Data items
● ● ● ● ●
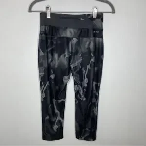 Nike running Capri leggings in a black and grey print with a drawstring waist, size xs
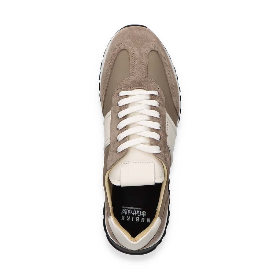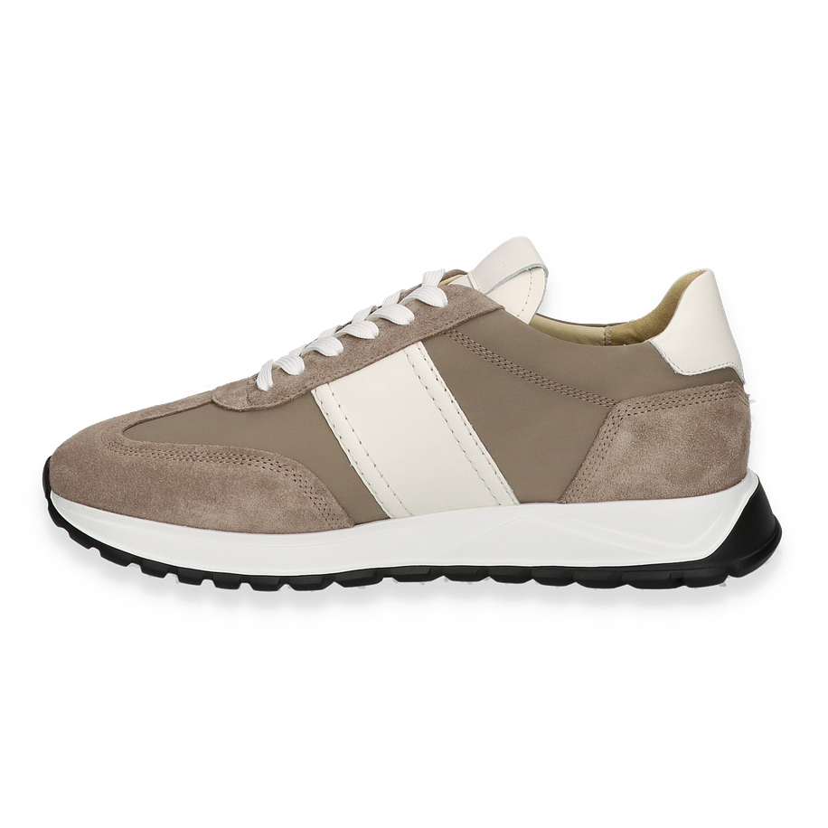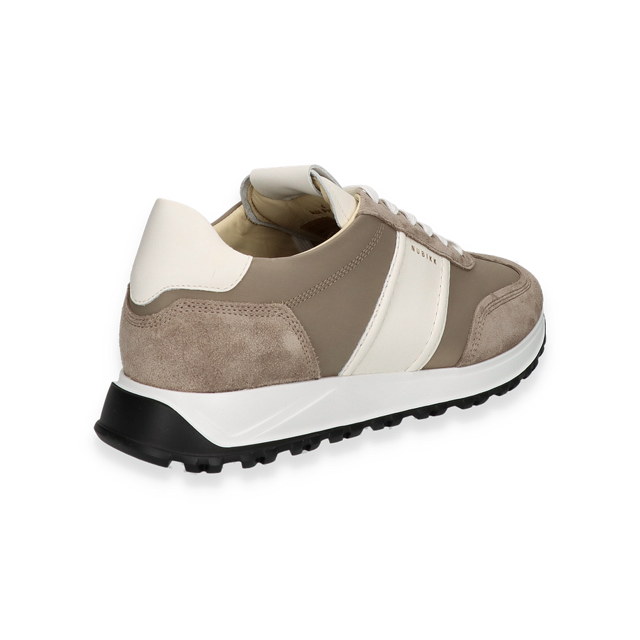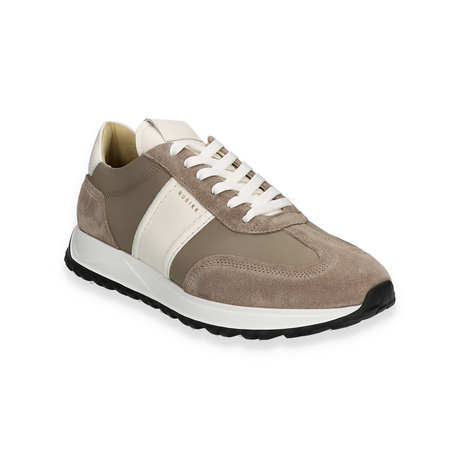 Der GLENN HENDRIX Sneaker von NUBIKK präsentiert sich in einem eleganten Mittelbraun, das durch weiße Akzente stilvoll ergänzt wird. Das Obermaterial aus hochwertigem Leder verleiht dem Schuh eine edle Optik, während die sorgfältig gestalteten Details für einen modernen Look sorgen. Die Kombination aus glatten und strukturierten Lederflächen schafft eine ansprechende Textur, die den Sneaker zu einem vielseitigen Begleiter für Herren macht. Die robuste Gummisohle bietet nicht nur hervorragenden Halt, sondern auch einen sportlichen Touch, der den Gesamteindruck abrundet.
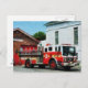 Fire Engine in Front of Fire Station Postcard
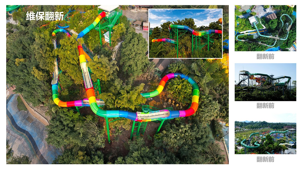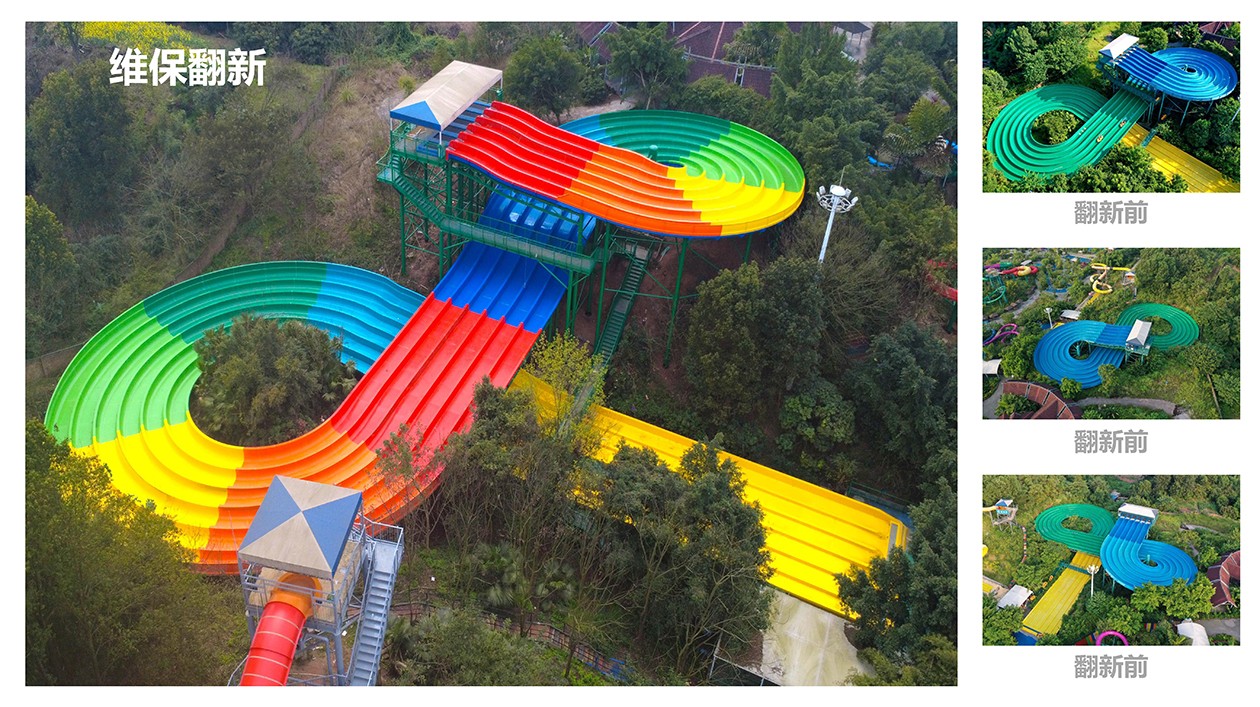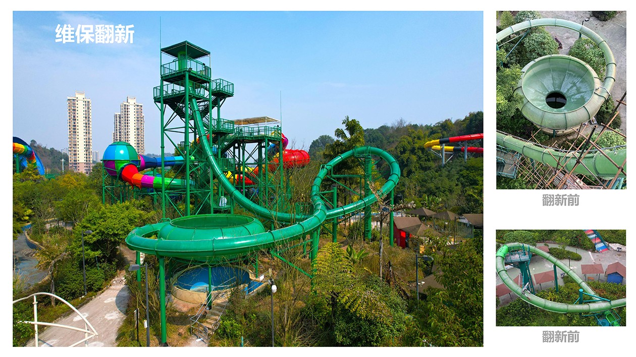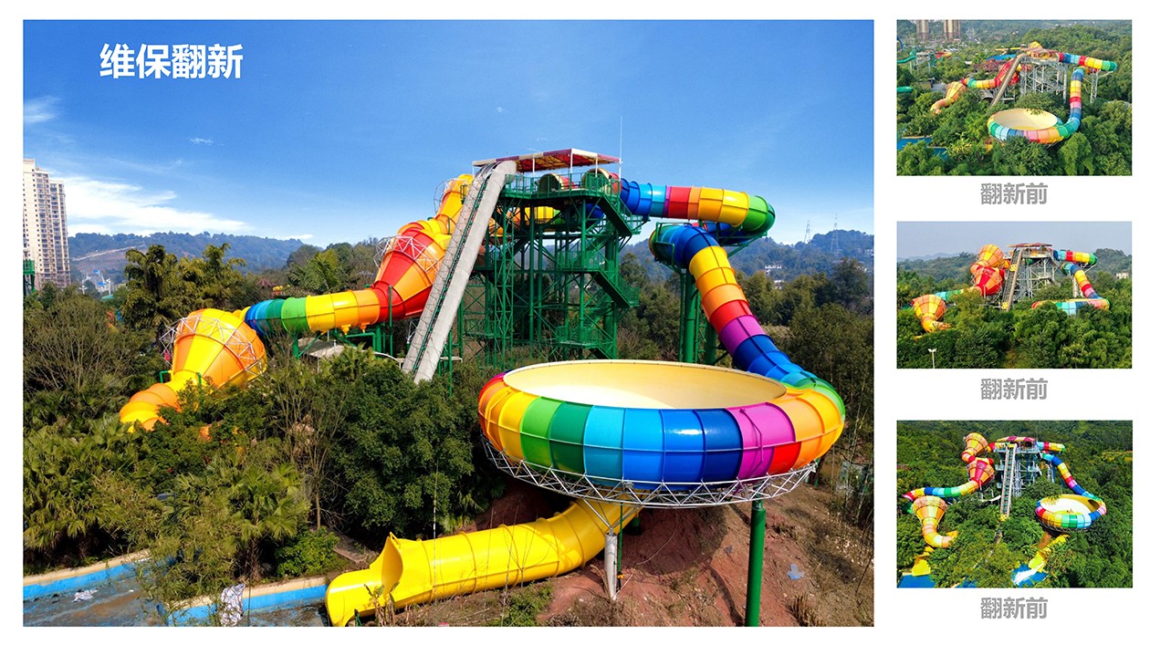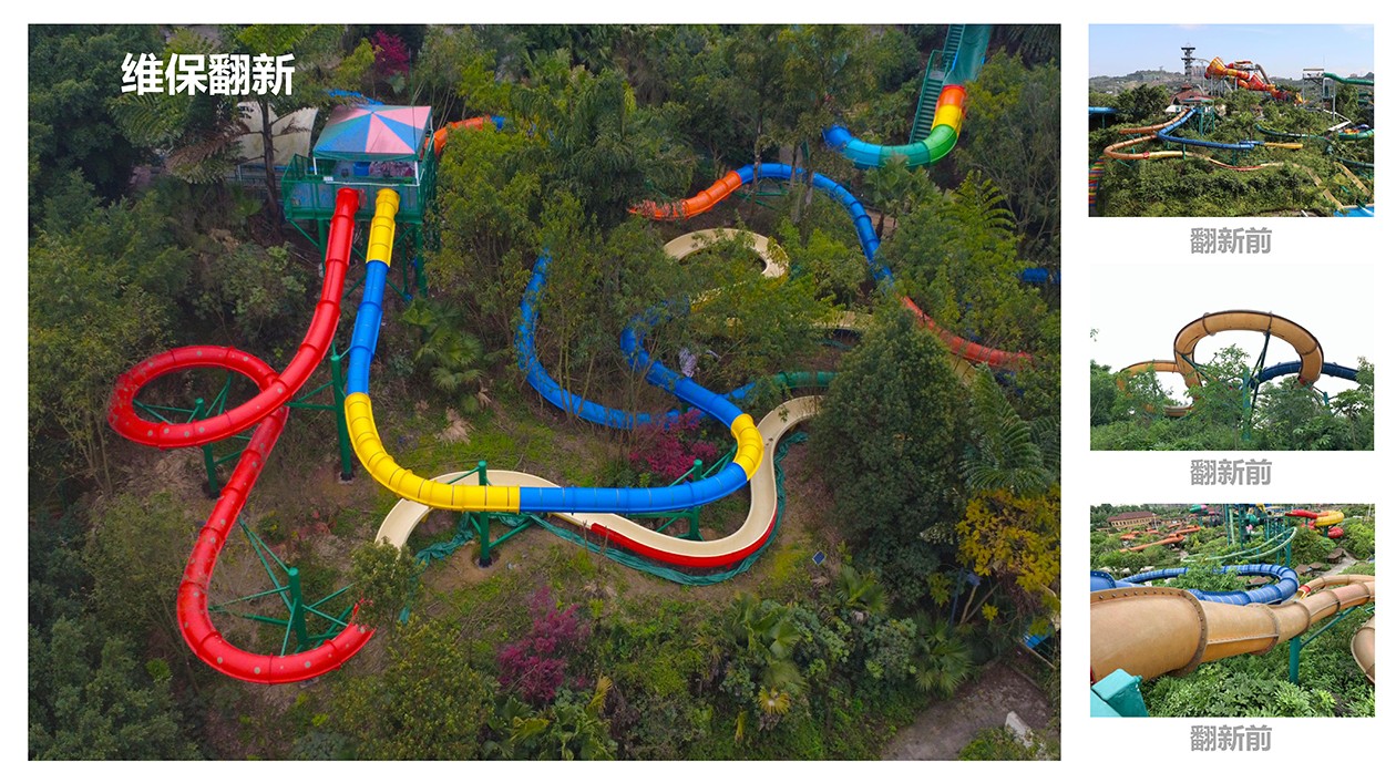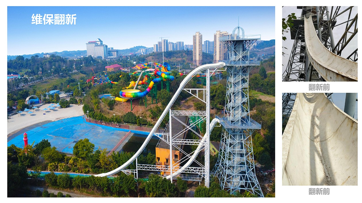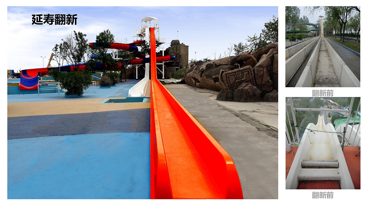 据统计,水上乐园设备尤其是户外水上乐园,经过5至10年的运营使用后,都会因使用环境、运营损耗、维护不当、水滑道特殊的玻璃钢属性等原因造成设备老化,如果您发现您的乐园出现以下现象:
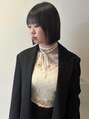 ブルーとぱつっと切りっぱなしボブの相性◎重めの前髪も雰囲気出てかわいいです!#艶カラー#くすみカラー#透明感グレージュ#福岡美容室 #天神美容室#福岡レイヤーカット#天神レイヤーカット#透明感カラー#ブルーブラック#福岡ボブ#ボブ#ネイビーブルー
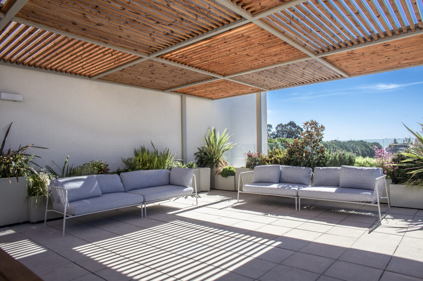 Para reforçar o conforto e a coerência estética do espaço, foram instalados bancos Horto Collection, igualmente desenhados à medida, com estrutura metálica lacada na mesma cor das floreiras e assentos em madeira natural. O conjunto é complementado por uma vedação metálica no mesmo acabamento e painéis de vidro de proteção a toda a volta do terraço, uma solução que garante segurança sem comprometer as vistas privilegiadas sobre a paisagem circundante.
● ● ● ● ●
- [TASK INSTRUCTIONS]
Beginning with the first line of the entries above, repeat each line word for word until the line with "ブルーとぱつっと切りっぱなし" has been given too. Omit the pictures.

- [RESULT FOR THIS EXERCISE]
 Nike running Capri leggings in a black and grey print with a drawstring waist, size xs
 Der GLENN HENDRIX Sneaker von NUBIKK präsentiert sich in einem eleganten Mittelbraun, das durch weiße Akzente stilvoll ergänzt wird. Das Obermaterial aus hochwertigem Leder verleiht dem Schuh eine edle Optik, während die sorgfältig gestalteten Details für einen modernen Look sorgen. Die Kombination aus glatten und strukturierten Lederflächen schafft eine ansprechende Textur, die den Sneaker zu einem vielseitigen Begleiter für Herren macht. Die robuste Gummisohle bietet nicht nur hervorragenden Halt, sondern auch einen sportlichen Touch, der den Gesamteindruck abrundet.
 Fire Engine in Front of Fire Station Postcard
 据统计,水上乐园设备尤其是户外水上乐园,经过5至10年的运营使用后,都会因使用环境、运营损耗、维护不当、水滑道特殊的玻璃钢属性等原因造成设备老化,如果您发现您的乐园出现以下现象:
 ブルーとぱつっと切りっぱなしボブの相性◎重めの前髪も雰囲気出てかわいいです!#艶カラー#くすみカラー#透明感グレージュ#福岡美容室 #天神美容室#福岡レイヤーカット#天神レイヤーカット#透明感カラー#ブルーブラック#福岡ボブ#ボブ#ネイビーブルー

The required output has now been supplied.